Now, it must be said that their batting prowess and the short-ish boundaries were not the only factors contributing to this mammoth total. We could not catch a damn thing all day. Although drops are not recorded in the scorebook, the consensus seems to be that a total of 11 were put down by various members of the team (those who didn’t drop anything, more by luck than anything else, are in a distinct minority). Walkie is particularly unlucky with his bowling, being both the most economical (none for 25 in seven overs, with one maiden) and also having at least two dropped. 

Bredgar can’t quite believe our performance, as they make abundantly clear during the tea break. The tea itself is perfectly fine but certainly enhanced by my decision to go to the village shop and buy a load of beer. 

Our run chase begins with Vice and Saddam opening the batting – Skipper is batting down the order as he is keeping wicket in Stumpy’s absence. Runs come quite quickly, unsurprisingly, but (as is often the way with Stone) so do wickets. Vice falls for 8 off six balls, Walkie goes for a two-ball duck, and I depart after dead batting 13 deliveries for no runs. Stone are then 24 for 3. Sensing the need for stability and leadership, Skip wins Saddam at the wicket and they put on a decent stand of 89, before Ross pops one up in the air and is caught for 27. Blaine is going well at this stage, even if the rest of the innings isn’t, and reaches his half century off 38 balls. Since the run chase is effectively over inside the first five overs, two goals become paramount: firstly, hold out for the draw; secondly, support the big man in getting as high a score as possible.

Camo is next in at 6, provides good support, and plays some nice shots, but departs for 7 with the score on 148 for 5. Sash comes in and drops anchor, which allows Blainy to get his richly-deserved century (his first for the club? and certainly the first for Stone CC in quite a few years, as Dartsy will subsequently remind everyone). However, joy is short-lived as he then departs next ball. Jez gets a streaky 2 and is then clean bowled, Gavin gets a golden duck, and Andy gets a 3-ball duck in the space of the next three overs, with Sash resembling the boy who stood on the burning deck. However, appropriately with the tension reaching ‘boiling point’, Edd takes matters in hand to resist for the remaining 11 balls and Sash scores a consolation run off the last ball to end 2 not out. Match drawn and Bredgar are not heartbroken in the circumstances, having dominated throughout and scored a shedload of runs, but may push us to play overs next time. 

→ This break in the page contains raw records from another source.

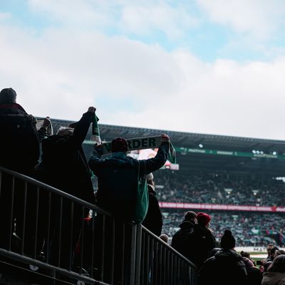 Bild: Fans jubeln im Weserstadion, mit Blick auf das Spielfeld und einer großen Menschenmenge unter bewölktem Himmel.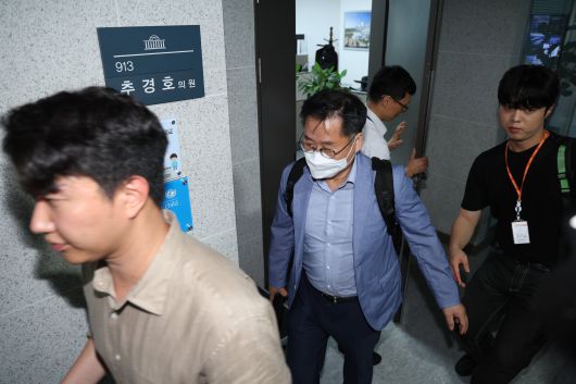 12·3 비상계엄 관련 내란·외환 의혹을 수사하는 내란 특검팀(특별검사 조은석) 수사관들이 2일 오후 서울 여의도 국회 추경호 의원실에서 압수수색을 마친 후 의원실을 나서고 있다. /뉴스1 |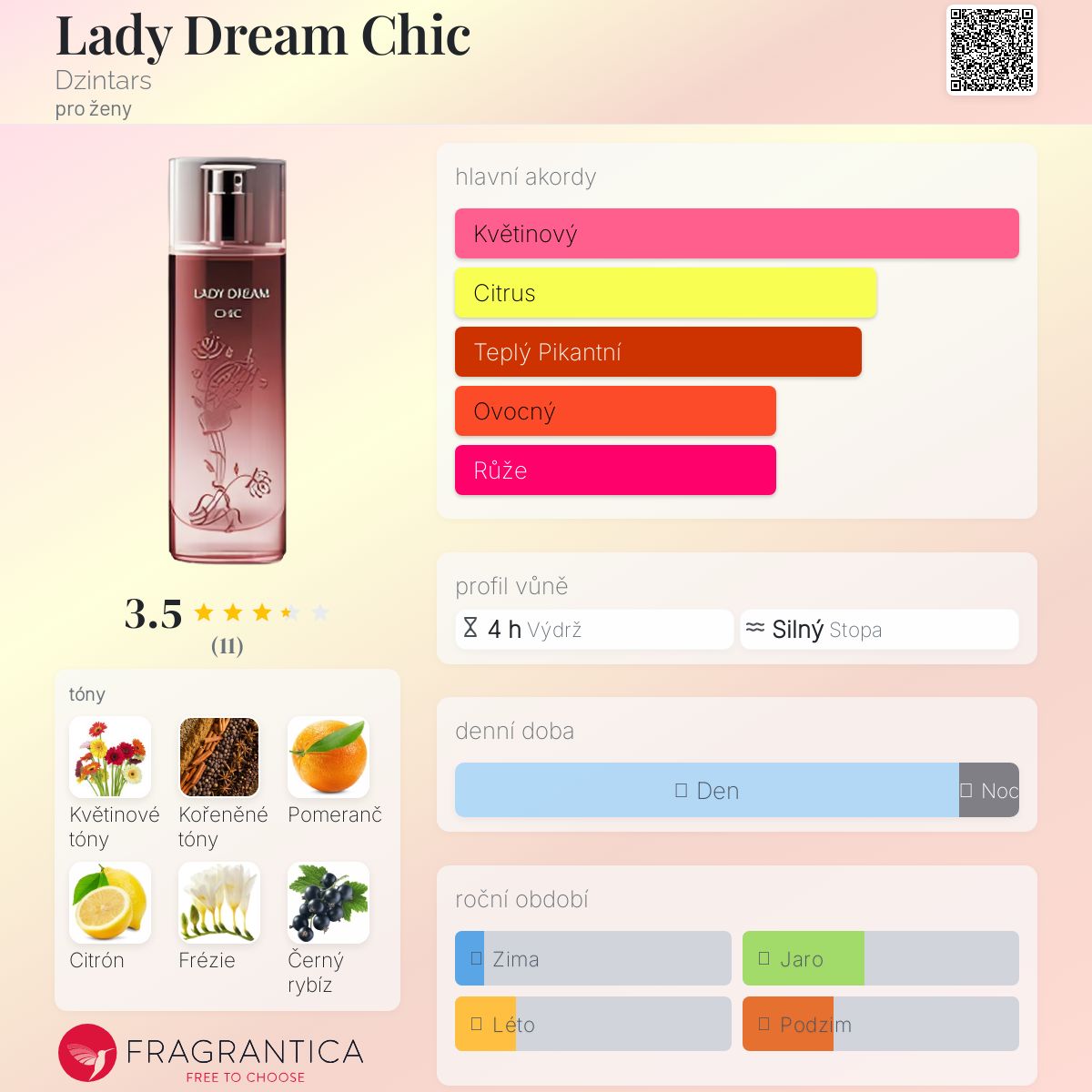 Lady Dream Chic podle Dzintars je Floral Woody Musk vůně pro ženy. Lady Dream Chic byl/a uveden/a v roce 2011. Vrchní tóny jsou Pomeranč, Citrón, Frézie a Černý rybíz; střední tóny jsouKvětinové tóny a Růže ; základní tóny jsou Kořeněné tóny, Pačuli a Pižmo.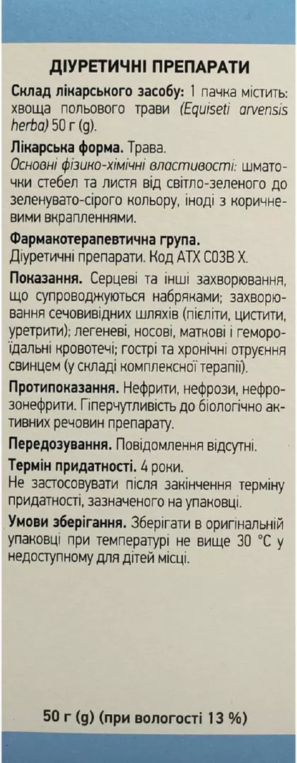 1 пачка містить: хвоща польового трави (Equiseti arvensis herba) 50 г;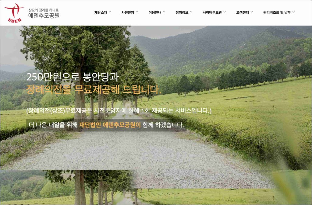 재단법인 에덴추모공원은 경기도 남양주시 화도읍에 위치한 추모시설이에요. 이름처럼 평온하고 조용한 분위기 속에서 고인을 기리고 기억할 수 있는 공간으로 알려져 있습니다.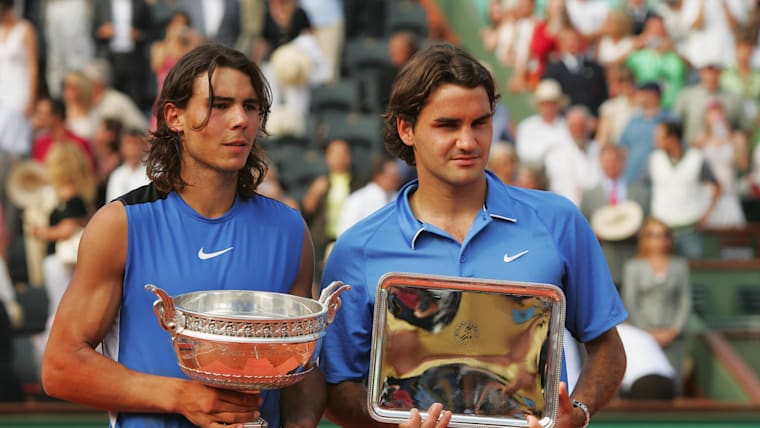 PARIS - JUNE 11: Rafael Nadal (L) of Spain looks on after defeating Roger Federer (R) of Switzerland during the Men's Singles Final on day fifteen of the French Open at Roland Garros on June 11, 2006 in Paris, France. (Photo by Matthew Stockman/Getty Images)

There’s no local for Bredgar so we head back to the Malt Shovel for post-match analysis (i.e. me filling in the scorebook), congratulations (to Blainy only), and recriminations (for anyone who dropped a catch). Unsurprisingly Saddam gets the much-coveted Big Pat for his century, while Walkie is the SBotD for a fashion crime – wearing white socks and what I believe young people call ‘sliders’. He protests, naturally, but in spite of this photo, he doesn’t have a leg to stand on.